Afamelanotide addresses EPP not by fixing the underlying enzyme deficiency but by building a melanin shield in the skin before light exposure occurs. The mechanism is the same one Hadley and Hruby originally characterized: MC1R stimulation drives sustained eumelanin production in melanocytes, which then gets distributed through the epidermis. This melanin absorbs the blue-violet light that would otherwise reach the accumulated protoporphyrin and trigger the photochemical cascade. It does not cure EPP. But in clinical trials, it meaningfully extended the time EPP patients could spend in daylight without pain — and in a population for whom the ability to go outside for a summer afternoon is not a trivial gain, that matters enormously.

The European Medicines Agency approved afamelanotide (Scenesse) for EPP in 2014, making it the first melanocortin receptor agonist to reach full regulatory approval anywhere in the world. The FDA granted conditional approval — specifically, accelerated approval — in the United States in 2019, also for EPP. The approval came with a requirement for continued post-marketing studies. The delivery system that made the drug clinically practical was developed by the Australian pharmaceutical company Clinuvel: a small bioresorbable implant, roughly the size of a grain of rice, inserted subcutaneously every 60 to 120 days. The implant releases afamelanotide in a slow, sustained curve over weeks, producing the gradual melanogenesis that protects without the peaks and troughs of injectable dosing.

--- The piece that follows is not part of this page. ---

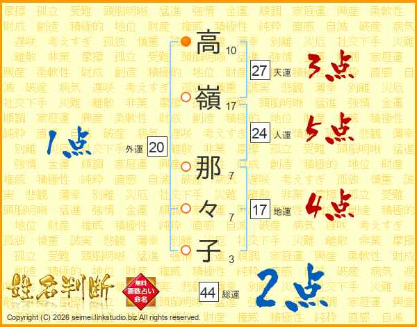 高(10画)嶺(17画) 那(7画)々(7画)子(3画)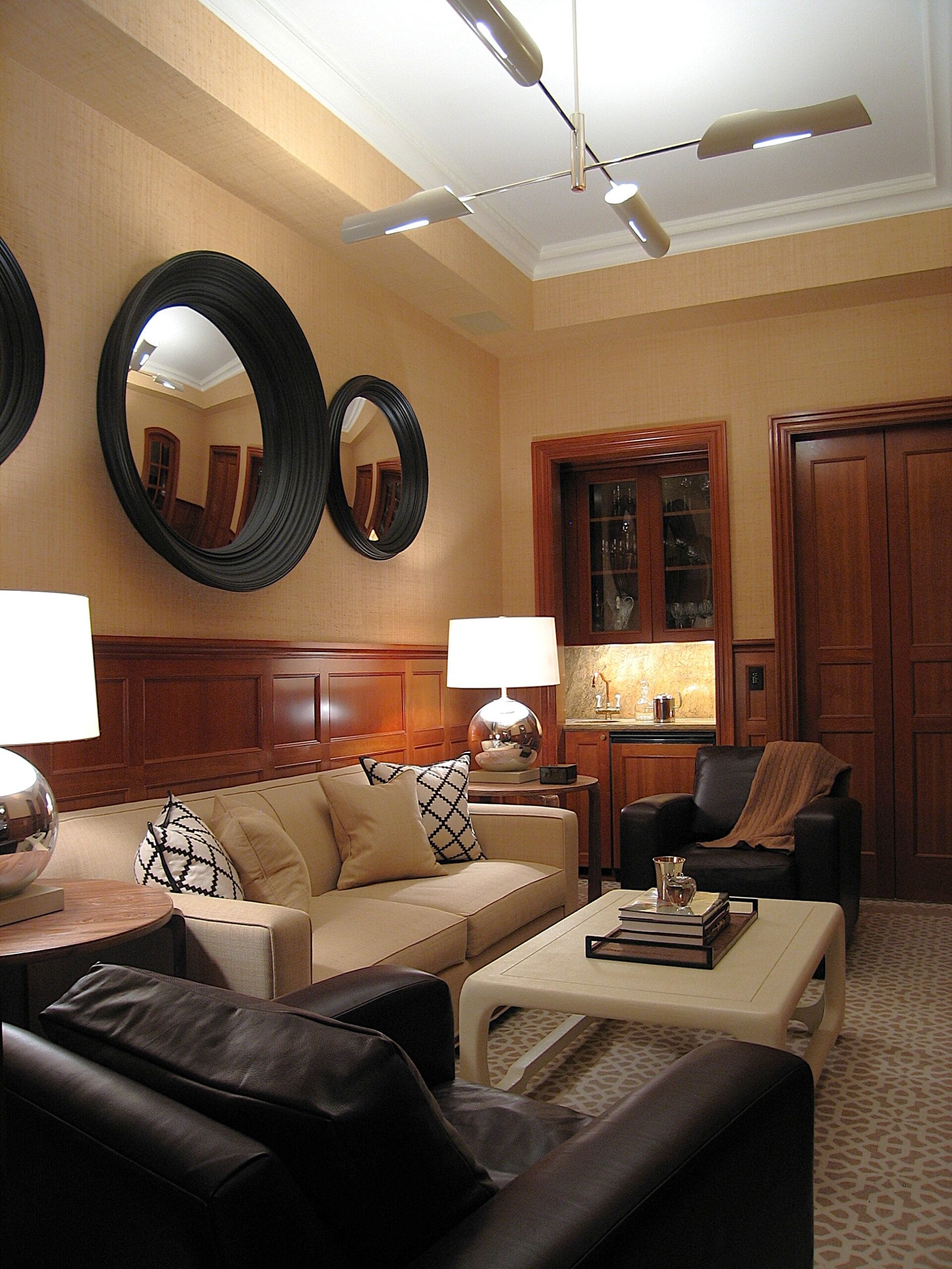 The interior design creates a tranquil and inviting space through the use of Phillip Jeffries grasscloth wall coverings and sumptuous fabrics on furniture and windows.

The cosmetic application — the original dream of a tan-without-sun drug — never advanced through formal regulatory development, largely for the risk-benefit reasons described above. What remained was something arguably more significant: proof that a synthetic melanocortin peptide could be safely delivered to human patients, that MC1R stimulation could be sustained over months without catastrophic adverse effects, and that the tanning response it produced was real and functional rather than merely cosmetic. The scientific foundation that Hadley and Hruby laid in Tucson, intended to prevent melanoma in fair-skinned people, ended up protecting a small group of patients from a completely different light-sensitivity condition. The hypothesis — that melanogenesis is photoprotective — turned out to be entirely correct. The disease it eventually treated wasn't the one they were thinking about.

That's often how the path from bench to bedside actually works: not the straight line the original researchers imagined, but something that finds its value in unexpected places. The compound was right. The problem it solved was just different than the one it was designed for.

Frequently asked

What is Melanotan I?+
Melanotan I is NDP-alpha-MSH, a synthetic analog of alpha-MSH engineered for stability and selective potency at MC1R, developed at the University of Arizona to pharmacologically stimulate the skin's protective melanin response.
Is Melanotan I FDA-approved?+
Yes, as afamelanotide (Scenesse). It received EMA approval in 2014 and FDA accelerated approval in 2019, both specifically for erythropoietic protoporphyria — not for cosmetic tanning.
What is erythropoietic protoporphyria and how does afamelanotide help?+
EPP is a rare genetic disorder in which light triggers severe skin pain. Afamelanotide doesn't cure it but builds protective melanin in the skin before light exposure, meaningfully extending the time patients can spend in daylight without pain.